The default value for number of hops for these models is 3.

How well does the paper perform?

The model was tried on various variants described above with joint training on all tasks and per tasks trainings. These models were compared with MeMNN, MemNN-WSH, LSTM. All variants of the model beats the weakly supervised baseline models.
The position encoding representation performs better than bag of words representation especially on tasks where word ordering is important.
Linear Start helps to avoid local minima. Joint training performs better in all the models.
Jittering the time index with random empty noises gives small but consistent boost in performance.

What interesting variants are explored?

The model (operating on a word level) was applied on a language modeling task with the following changes:

The previous N words and current word in the input sentence are embedded into memory separately.
q is a fixed constant vector (without embeddings) as there is no input query.
ReLU is applied to half of the layer.

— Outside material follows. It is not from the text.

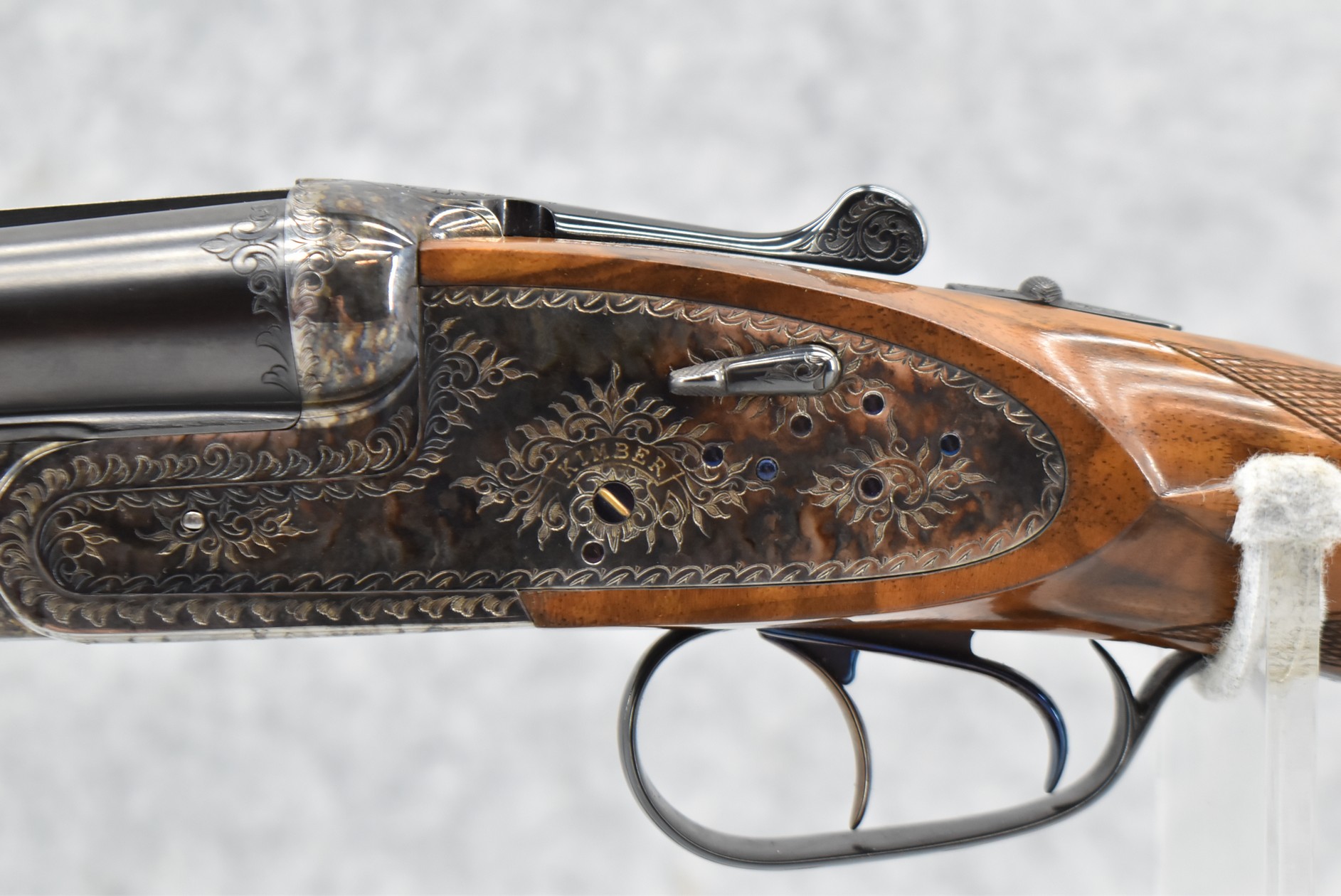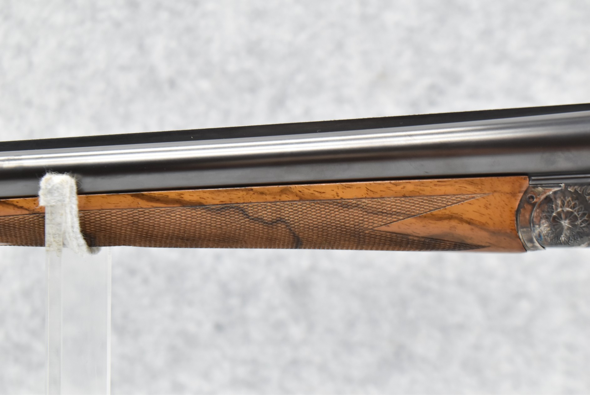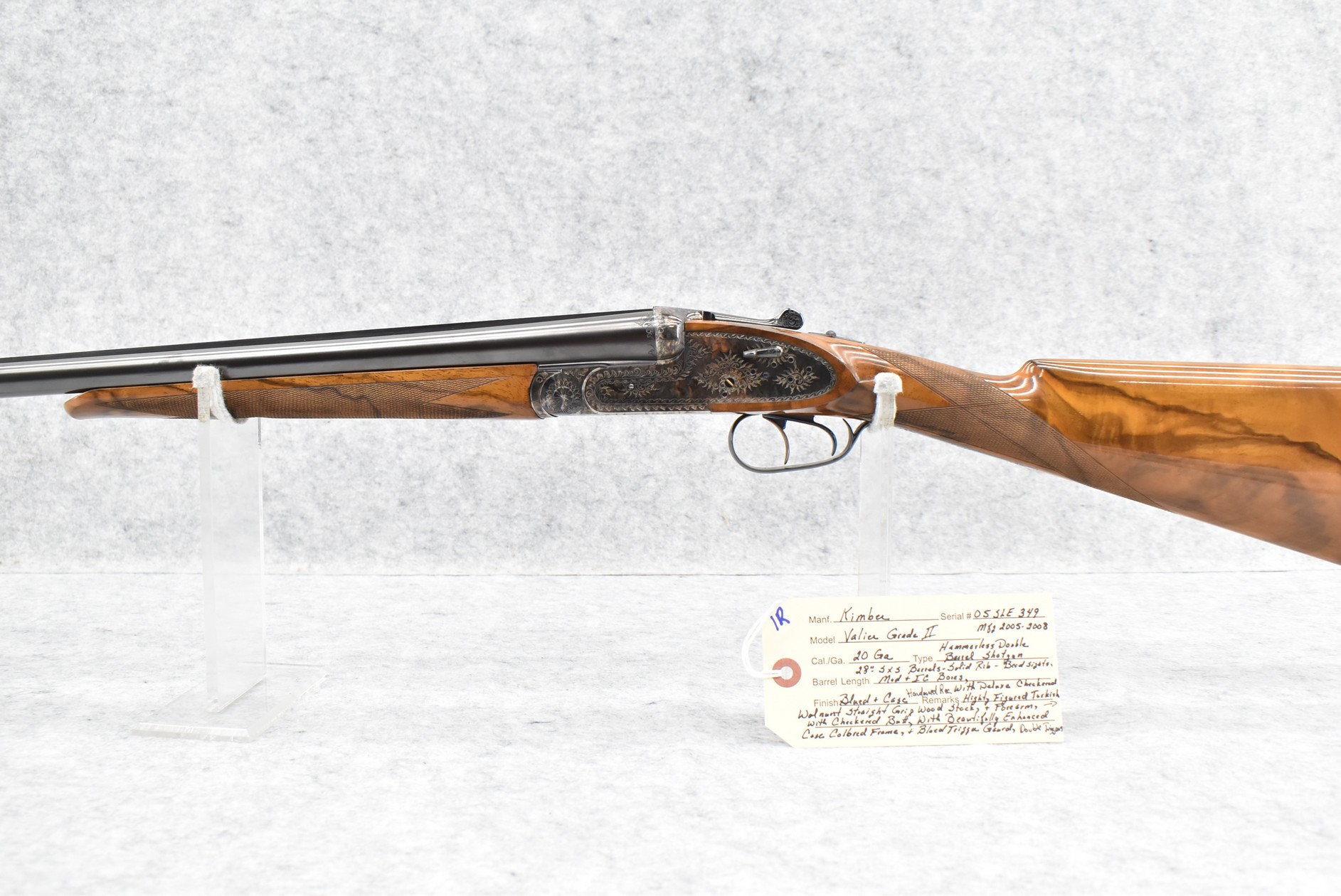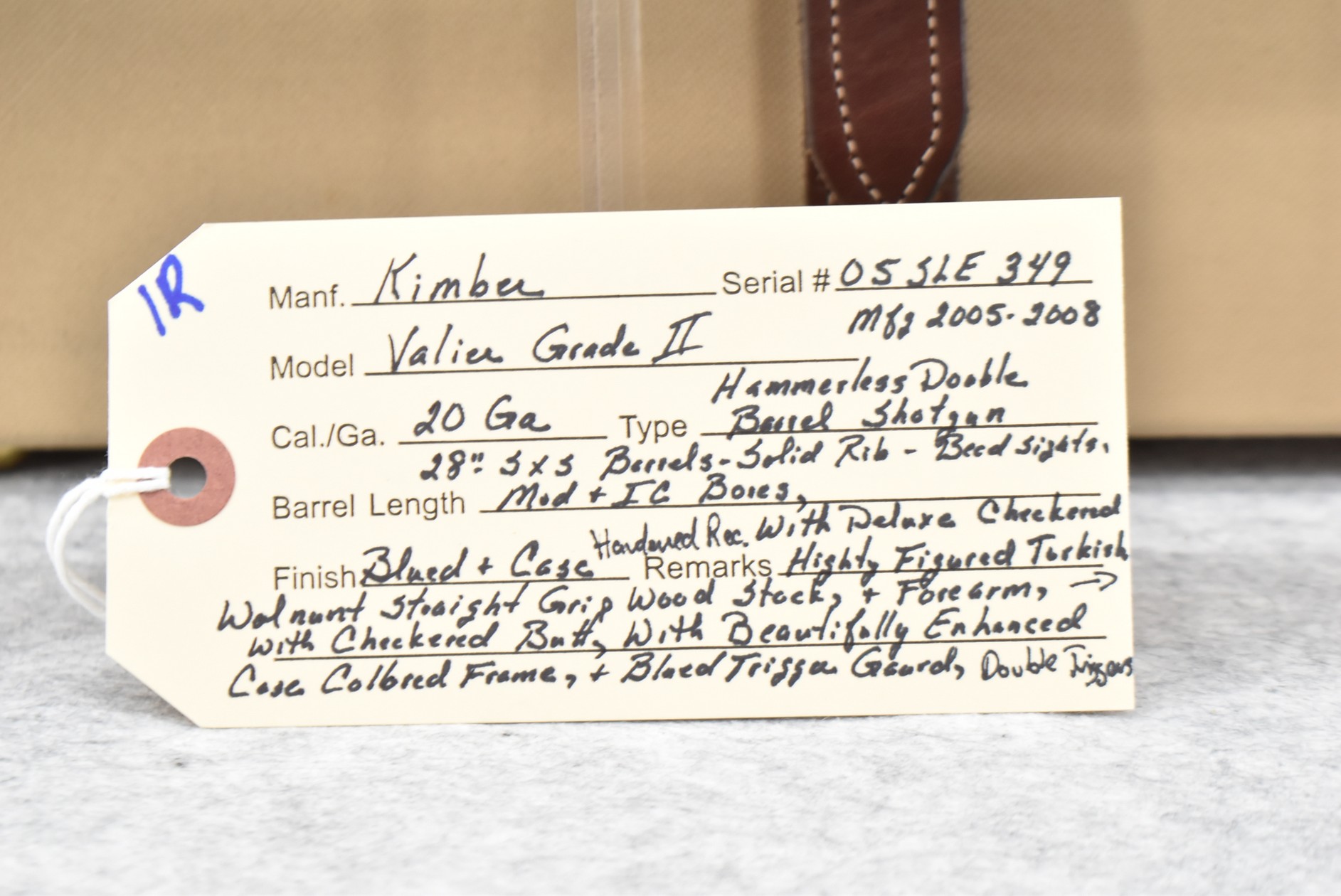 1R. Kimber – Mod. Valier Grade II – 20ga. Hammerless Double Barrel Shotgun – w/28” Mod. & IC Choked, Solid Rib Barrels w/Front Bead Sight – Blued Finish w/Beautifully Engraved Case Hardened Receiver – w/Deluxe Checkered Highly Figured Turkish Walnut Straight Grip Wood Stocks w/Checkered Wood Butt Plate – w/Double Triggers – w/Factory Kimber Canvas/Leather Takedown Case – Mfg. 2005-2008

Layer wise RNN weight sharing is used.
The model closely resembles RNN with the difference that the sequence over which network is recurrent is not in text but in memory hops.
One interesting obeservation was some hops concentrate on recent words while other hops have more broad attention span over all memory locations.

Though performing decently well when compared to baselines, the end to end network memory model still lags behind memory networks trained with strong supervision.

TL;DR

End to end memory network is a recurrent neural network on a large external memory with multiple hops.
The model is trained end to end making it more applicable for general settings.
The model requires less supervision and hyperparameters and still performs better than most of the baseline model on question answering tasks.